Exercise data:
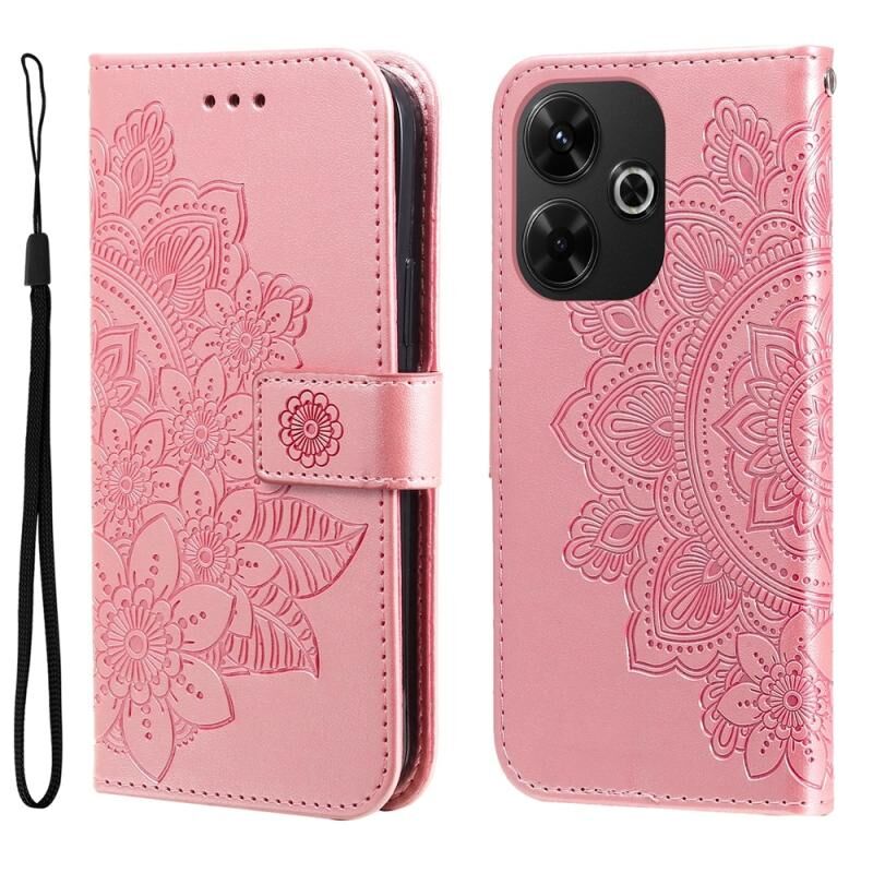 For Redmi 13 4G / Redmi Note 13R Seven-petal Flowers Embossing Leather Phone Case(Rose Gold)
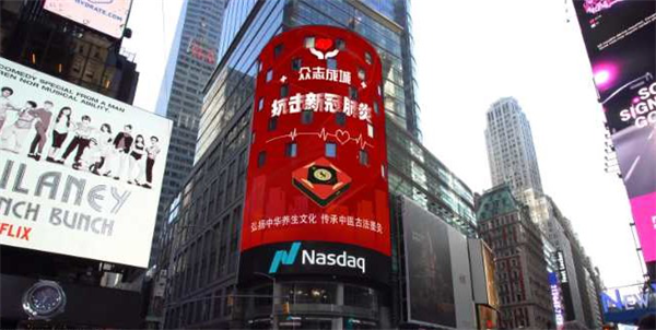 2020年3月25日,在此特殊的疫情时期,中华墨御堂代表中国中医养生企业,荣登“世界第一屏”——纽约纳斯达克,向世界展现中国企业形象。为中医发声、为中国加油。
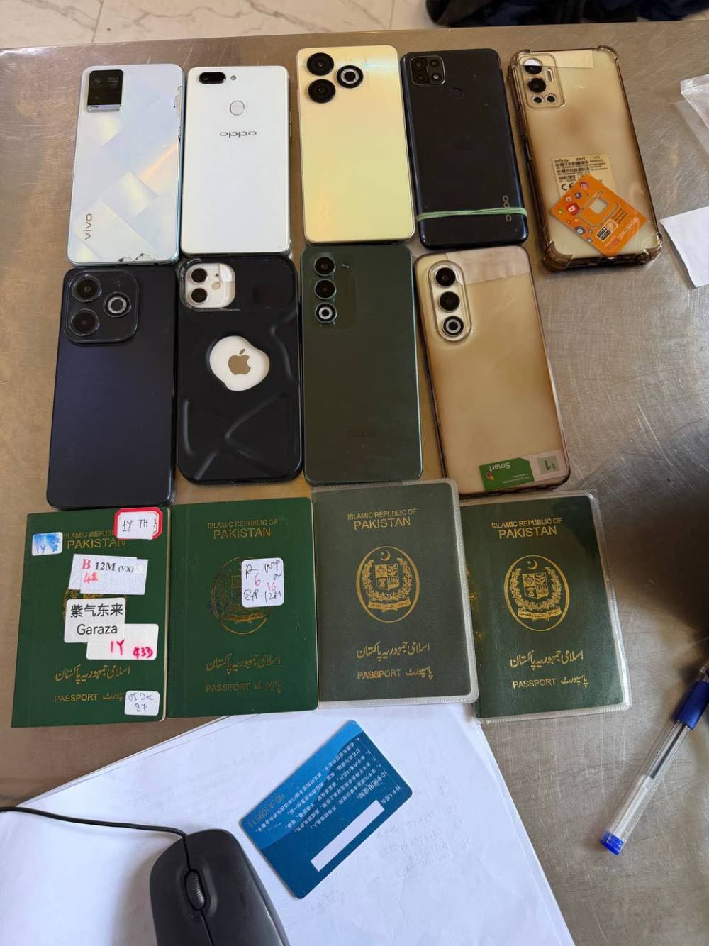 ក្រៅពីឃាត់ខ្លួនជនសង្ស័យ សមត្ថកិច្ច ក៏បានដកហូតសម្ភារៈវត្ថុតាងមានដូចជាៈទូរសព្ទដៃ ចំនួន ៥៧ គ្រឿង, កុំព្យូទ័រ (All-in-one)ចំនួន ០៥គ្រឿង និងស៊ីមកាត ប្រភេទស៊ីមបរទេសមួយចំនួនធំ។
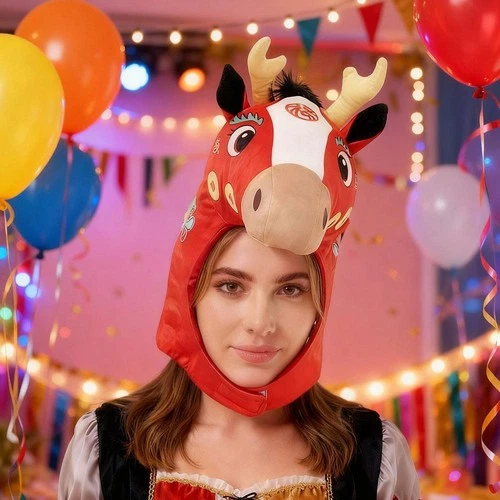Chinese New Year 2026 Horse Headband Red Plush Lucky Fu Character Headdress M5S8

Work instruction: Where a picture appears in the material above, skip it, and print the rest exactly.

Answer for the task:
 For Redmi 13 4G / Redmi Note 13R Seven-petal Flowers Embossing Leather Phone Case(Rose Gold)
 2020年3月25日,在此特殊的疫情时期,中华墨御堂代表中国中医养生企业,荣登“世界第一屏”——纽约纳斯达克,向世界展现中国企业形象。为中医发声、为中国加油。
 ក្រៅពីឃាត់ខ្លួនជនសង្ស័យ សមត្ថកិច្ច ក៏បានដកហូតសម្ភារៈវត្ថុតាងមានដូចជាៈទូរសព្ទដៃ ចំនួន ៥៧ គ្រឿង, កុំព្យូទ័រ (All-in-one)ចំនួន ០៥គ្រឿង និងស៊ីមកាត ប្រភេទស៊ីមបរទេសមួយចំនួនធំ។
Chinese New Year 2026 Horse Headband Red Plush Lucky Fu Character Headdress M5S8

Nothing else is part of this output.